Based on real cases where decision trees went wrong, and ‘the bad & ugly’ aspects of decision trees (https://decizone.com/blog/the-good-the-bad-the-ugly-of-using-decision-trees), how can you change this perception when using the decision tree you created to solve a real problem?
This assignment demonostrated some of the pros and cons to using one algorithm to another. For example, the decision trees produced a result extremely fast but at a cost of predictive power. Random forests, on the other hand, produced a model with much greater predictive power at the cost of both computational speed and model interpretability.
Unbalanced data is not great for tree based models.
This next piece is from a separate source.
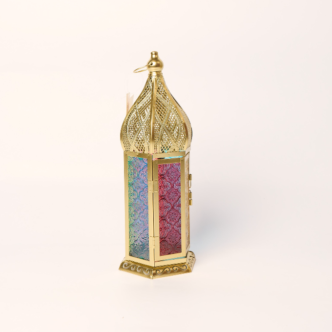 Bring the spirit of Ramadan into your home with this beautifully crafted traditional lantern. Designed with classic Ramadan-inspired cut-out patterns, this lantern creates a warm and inviting glow, perfect for iftar gatherings, suhoor décor, or festive home styling.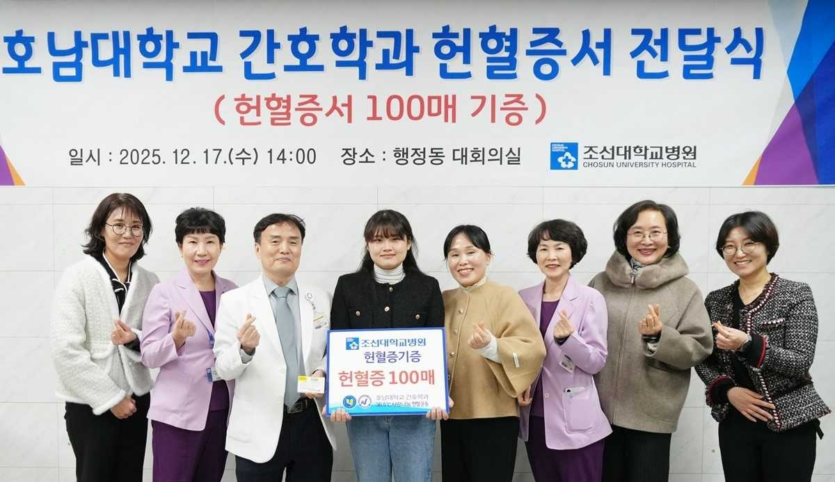 호남대 간호학과, 조선대병원에 헌혈증 100장 전달 |

To give the model a fighting chance at predicting the positive class, resampling of the data was used. I believe the most important learning from this particular project is that one Machine Learning algorithm alone is probably not going to be able to satisfy or provide all of the answers and that they should used in conjunction of other ML algorithms to correlate or validate the results.